EMBOSS: Project Meeting (Mon 16th May 11) |
File paths are converted to backslashes on output with new functions ajFileGetPrintNameC and S. Directories and filenames containing forwards slashes will not work in most cases in mEMBOSS. This allows emboss.standard and the server cache files to work unchanged in mEMBOSS.
Pre and post processing commands work with few changes. Environment variables use the SET preprocessing command and ignore the EXPORT command. Commands cp, 'rm -rf' and rm are converted to their Windows equivalent when written to the qatest.bat script file. The copy command with a wildcard always writes to the screen via standard error but this does not interfere with the test results.
Emma standard output from clustalw is not visible when run as a qa test but works as expected from the command line.
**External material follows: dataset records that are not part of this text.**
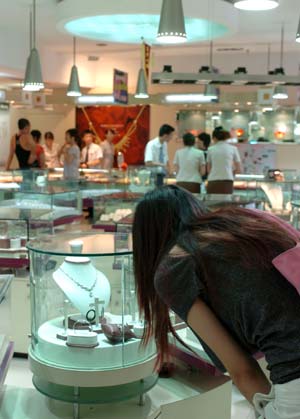 A customer chooses jewellery in Changchun, August 6, 2008. [Xinhua]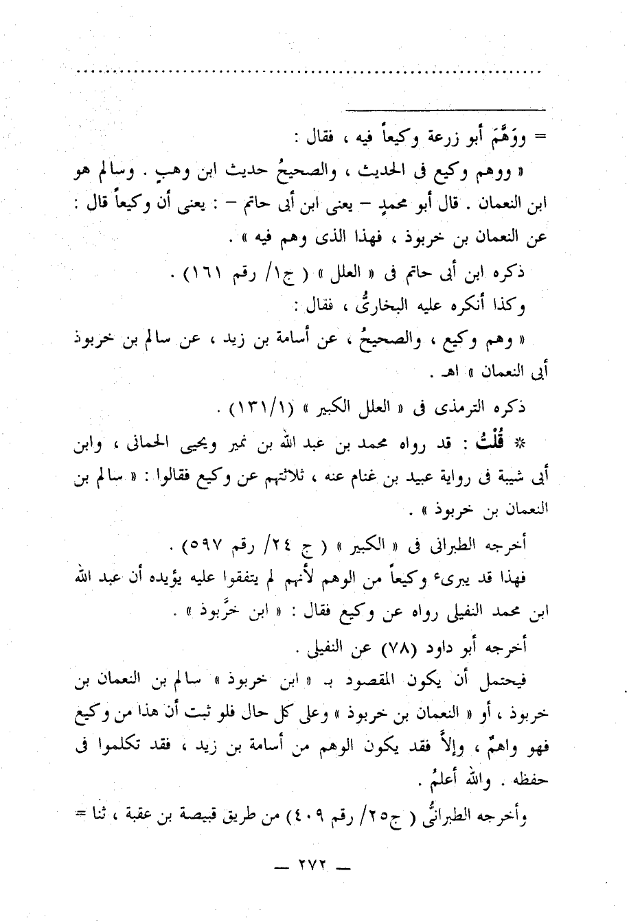 "ووهم وكيع في الحديث، والصحيحُ حديث ابن وهبٍ. وسالم هو ابن النعمان. قال أبو محمدٍ -يعني ابن أبي حاتم-: يعني أن وكيعًا قال: عن النعمان بن خربوذ، فهذا الذي وهم فيه".
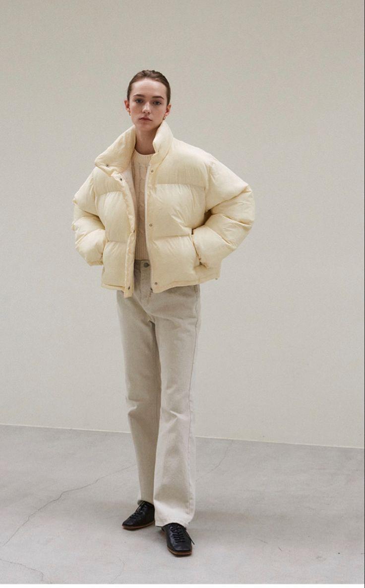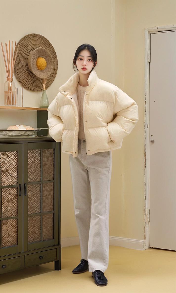 A Woman In A Cozy White Puffer Jacket And Casual Jeans Stands In A Warmly Decorated Room With A Green Cabinet And Wall-Mounted Hat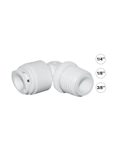 Kolanko przyłączeniowe do systemów filtracyjnych RO i przepływowych umożliwia szybkie i szczelne podłączenia wężyka do gwintu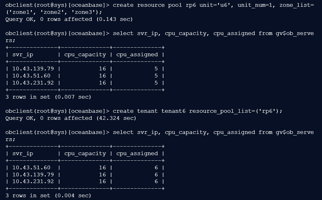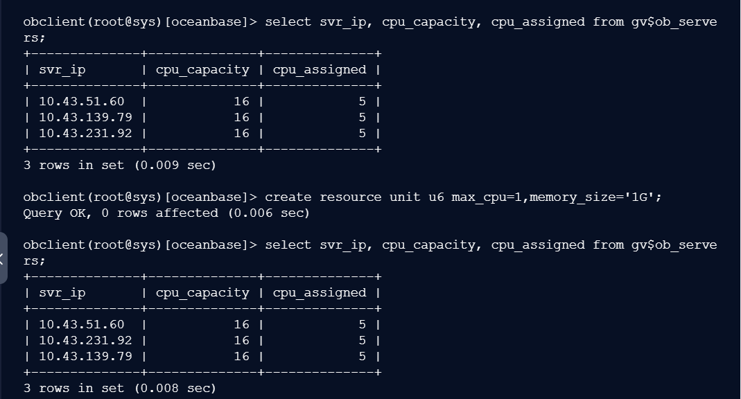 从创建租户的命令参数上可以判断,应该是在创建租户时才分配的资源。Replica_num决定了,决定了unit的数量,这时候才决定了observer上到底分配出多少CPU和内存。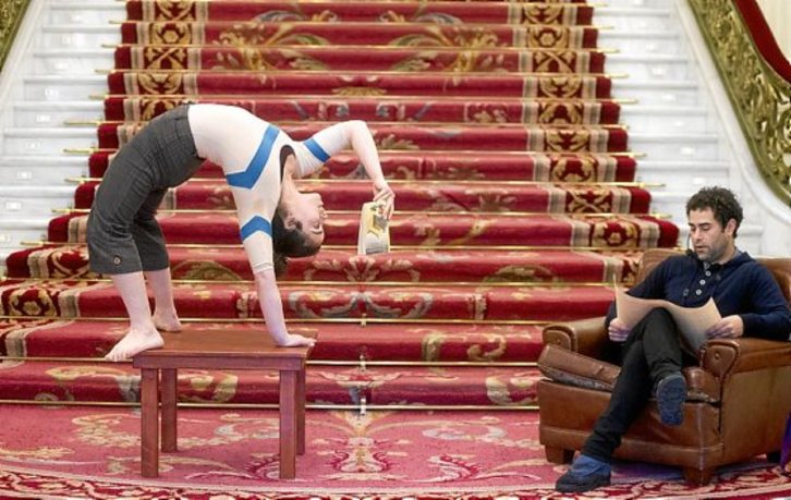 Dejabu Panpin Laborategia recibía ayer, Día Internacional del Teatro, el Donostia Antzerki Saria por su obra “Arrastoak”, mientras en Bilbo, en el Arriaga, se realizó una lectura dramatizada del manifiesto internacional. Jon URBE/Marisol RAMIREZ | ARGAZKI PRESS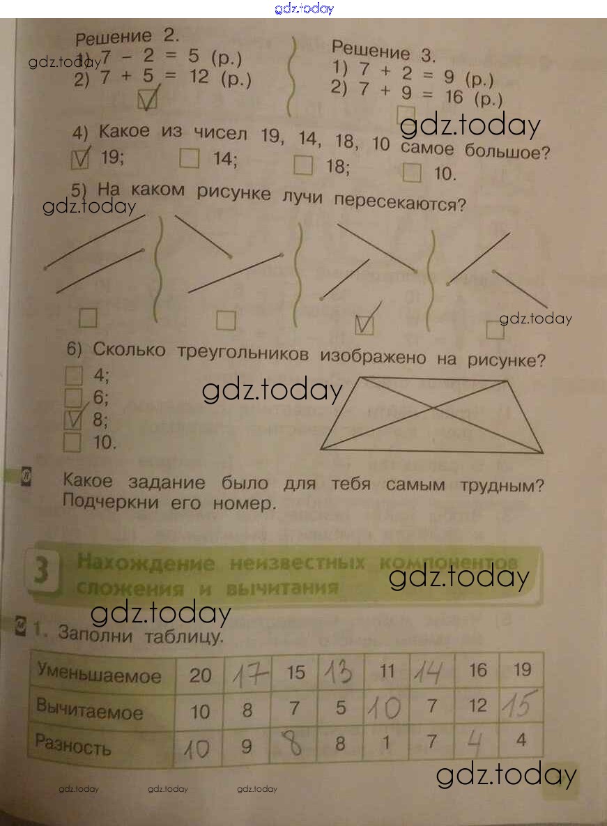 Ответы к Решение к части 1. Страницы 7 Рабочей тетради по Математике для 2 класса Муравина Дрофа 2016

Alan is investigating.
The variation adaptor has a new subclass to support the 1000 genomes project. There are new general iterator methods to avoid 1 million or more objects being created in Perl. Memory management in C is less expensive so implementation in C is not urgent.
The server cache file is written by an application showensembl which reduces the number of SQL queries from 560 to 18 to return a sequence object. The DBALIAS attributes are generated and are working well for ensembl. Aliases include all names with underscores, one of which is the NCBI taxon. All names and aliases are in lower case.
Ensembl identifiers include the exon id, transcript id and translation id. They may also include identifiers generated from the gene stable id.
Havana data works well in EMBOSS, with plotorf able to find the longest ORF in a Havana conserved region.
The improved efficiency of the C API could be useful for variant effect [predictors. These now account for up to 75% of the ensembl hits.
Extensions to servertell and dbtell could be useful. These could include a way to link related databases through some additional attributes in their cache file definitions, for example Ensembl databases reporting different sequence object types from the same species.
The replacement backup drive has been installed for emboss5.